Artist Statement

My artwork is based on a performative approach to multi-media sculpture. My artistic practice has been highly influenced by the merger of technology with the visual arts, which occurred in the late 1940's, as well as my personal interest in holistic theory. The result is a hybrid of performance, video, sound and sculpture, placing an emphasis on psychological process expressed through physical incidents. The work is a continuation of the exploration started by artists such as Bruce Nauman and Bill Viola who situated video as the interplay between the physical and psychological aspects of perception. Concurrent with the exploration of video art, an emphasis on the process of artistic creation over the formal properties of the artistic product, led artists to combine different mediums in an attempt to track and make evidence of their experiences. Performance artists introduced the human body and its functions as powerful metaphor for psychological, social, and spiritual conditions, bringing to question the role of the artist as well as the audience in the production of works of art. It is from these developments in the history of art that my work emerges.

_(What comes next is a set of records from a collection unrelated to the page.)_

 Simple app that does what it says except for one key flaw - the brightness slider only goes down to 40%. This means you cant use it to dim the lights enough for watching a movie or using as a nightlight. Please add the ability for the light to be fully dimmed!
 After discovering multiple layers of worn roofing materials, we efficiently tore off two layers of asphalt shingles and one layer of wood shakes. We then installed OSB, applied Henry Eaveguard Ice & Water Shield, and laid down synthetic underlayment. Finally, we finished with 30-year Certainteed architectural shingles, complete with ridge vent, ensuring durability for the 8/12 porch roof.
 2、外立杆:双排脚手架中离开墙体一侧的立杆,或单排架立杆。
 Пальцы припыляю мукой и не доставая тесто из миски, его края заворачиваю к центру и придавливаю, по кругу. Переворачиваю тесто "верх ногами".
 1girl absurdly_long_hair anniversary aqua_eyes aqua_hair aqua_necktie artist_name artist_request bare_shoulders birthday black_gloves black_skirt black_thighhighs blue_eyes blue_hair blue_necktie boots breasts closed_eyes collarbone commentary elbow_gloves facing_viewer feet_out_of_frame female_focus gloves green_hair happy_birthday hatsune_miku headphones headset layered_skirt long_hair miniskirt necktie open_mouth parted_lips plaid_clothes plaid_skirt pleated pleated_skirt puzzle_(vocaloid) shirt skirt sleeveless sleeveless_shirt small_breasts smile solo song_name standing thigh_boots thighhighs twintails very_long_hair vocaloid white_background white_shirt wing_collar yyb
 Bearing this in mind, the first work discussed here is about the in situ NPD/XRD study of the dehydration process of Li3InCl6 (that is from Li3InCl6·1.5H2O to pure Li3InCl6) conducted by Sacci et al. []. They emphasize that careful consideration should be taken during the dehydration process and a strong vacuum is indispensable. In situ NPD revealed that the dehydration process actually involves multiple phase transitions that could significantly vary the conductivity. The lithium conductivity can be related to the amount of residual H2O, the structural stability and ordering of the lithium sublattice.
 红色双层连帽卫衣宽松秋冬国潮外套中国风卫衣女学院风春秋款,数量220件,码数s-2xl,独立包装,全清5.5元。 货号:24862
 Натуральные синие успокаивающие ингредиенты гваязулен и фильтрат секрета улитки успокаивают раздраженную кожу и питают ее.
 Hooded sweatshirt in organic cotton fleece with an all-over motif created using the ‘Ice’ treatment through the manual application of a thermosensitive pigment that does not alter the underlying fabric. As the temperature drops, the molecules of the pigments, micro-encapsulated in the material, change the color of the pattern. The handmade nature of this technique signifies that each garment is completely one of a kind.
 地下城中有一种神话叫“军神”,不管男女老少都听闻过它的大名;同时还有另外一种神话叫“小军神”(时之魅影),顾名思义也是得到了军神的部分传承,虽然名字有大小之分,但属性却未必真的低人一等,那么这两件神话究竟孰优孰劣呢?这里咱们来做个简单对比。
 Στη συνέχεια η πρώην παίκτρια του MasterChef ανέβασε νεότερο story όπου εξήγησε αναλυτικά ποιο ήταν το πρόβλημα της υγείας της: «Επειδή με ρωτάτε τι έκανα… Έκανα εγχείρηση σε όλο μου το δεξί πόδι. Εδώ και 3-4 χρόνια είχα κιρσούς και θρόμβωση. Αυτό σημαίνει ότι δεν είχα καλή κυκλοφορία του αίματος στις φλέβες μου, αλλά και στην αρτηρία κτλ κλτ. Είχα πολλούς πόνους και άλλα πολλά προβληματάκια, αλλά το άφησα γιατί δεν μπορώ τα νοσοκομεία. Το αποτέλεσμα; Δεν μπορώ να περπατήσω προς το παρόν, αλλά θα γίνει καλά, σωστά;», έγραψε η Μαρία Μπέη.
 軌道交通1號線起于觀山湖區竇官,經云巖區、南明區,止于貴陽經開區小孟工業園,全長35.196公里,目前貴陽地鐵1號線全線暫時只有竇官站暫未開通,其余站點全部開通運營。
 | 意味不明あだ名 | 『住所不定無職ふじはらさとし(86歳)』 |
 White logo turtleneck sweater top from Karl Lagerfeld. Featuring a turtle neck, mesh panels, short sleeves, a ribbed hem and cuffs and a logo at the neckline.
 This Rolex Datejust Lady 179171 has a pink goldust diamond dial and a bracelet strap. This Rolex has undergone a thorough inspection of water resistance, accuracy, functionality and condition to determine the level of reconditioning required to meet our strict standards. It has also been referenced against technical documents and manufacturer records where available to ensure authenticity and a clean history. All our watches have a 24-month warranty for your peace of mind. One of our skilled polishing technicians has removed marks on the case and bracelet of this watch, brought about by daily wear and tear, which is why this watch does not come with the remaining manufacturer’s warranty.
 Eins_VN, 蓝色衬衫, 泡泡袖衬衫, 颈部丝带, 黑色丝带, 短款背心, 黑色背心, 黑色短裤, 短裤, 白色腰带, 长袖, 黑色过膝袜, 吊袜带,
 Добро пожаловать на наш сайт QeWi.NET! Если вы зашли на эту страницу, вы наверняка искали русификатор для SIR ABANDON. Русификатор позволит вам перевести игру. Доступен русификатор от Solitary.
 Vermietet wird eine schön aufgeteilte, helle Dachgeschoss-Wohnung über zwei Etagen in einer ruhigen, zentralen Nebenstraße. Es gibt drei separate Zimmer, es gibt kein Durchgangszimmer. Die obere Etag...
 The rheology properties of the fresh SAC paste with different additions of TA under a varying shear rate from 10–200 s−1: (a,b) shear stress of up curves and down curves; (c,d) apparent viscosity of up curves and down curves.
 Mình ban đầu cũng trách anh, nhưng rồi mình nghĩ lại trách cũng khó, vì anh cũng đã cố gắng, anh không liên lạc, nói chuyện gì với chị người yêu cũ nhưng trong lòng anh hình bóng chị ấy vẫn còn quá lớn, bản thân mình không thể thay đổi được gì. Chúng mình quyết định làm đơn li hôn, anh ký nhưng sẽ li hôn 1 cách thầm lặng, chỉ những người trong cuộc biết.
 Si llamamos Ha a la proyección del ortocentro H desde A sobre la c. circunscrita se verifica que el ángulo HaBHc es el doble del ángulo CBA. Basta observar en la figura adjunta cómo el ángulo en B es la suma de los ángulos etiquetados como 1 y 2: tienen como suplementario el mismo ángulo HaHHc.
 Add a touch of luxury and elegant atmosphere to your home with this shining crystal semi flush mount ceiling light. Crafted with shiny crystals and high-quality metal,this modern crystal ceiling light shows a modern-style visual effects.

Inspired by the performance art movement of the 1960’s and 1970’s, my early performance work utilized the body either as raw material or as an object of movement through space. Ranging from experiences of abjection to trance states, I performed durational pieces in reference to various aspects of incarnation. In other early performance work I concealed the features of the body and utilized performance as a means of creating movement. In 2001, I began to fuse my performance with video. Rather than perform live in a gallery space and video tape the performance for documentation purposes, I structured my performances for the video media, prerecording, editing and then installing the video in various gallery settings. My use of multi-media techniques is intended to engage the audience through the appeal of its accessibility and to urge the audience into an internal, physiological response. My use of video focuses the viewers’ attention on the object of concern and provokes visceral experience through sound and action. My orientation towards performance art, live or pre-recorded, provides the audience a focus object with which they can identify. I find the presence of the physical body and the functions it performs have the capacity to emphasize the relationship between the flesh, the external world and internal psychological processes.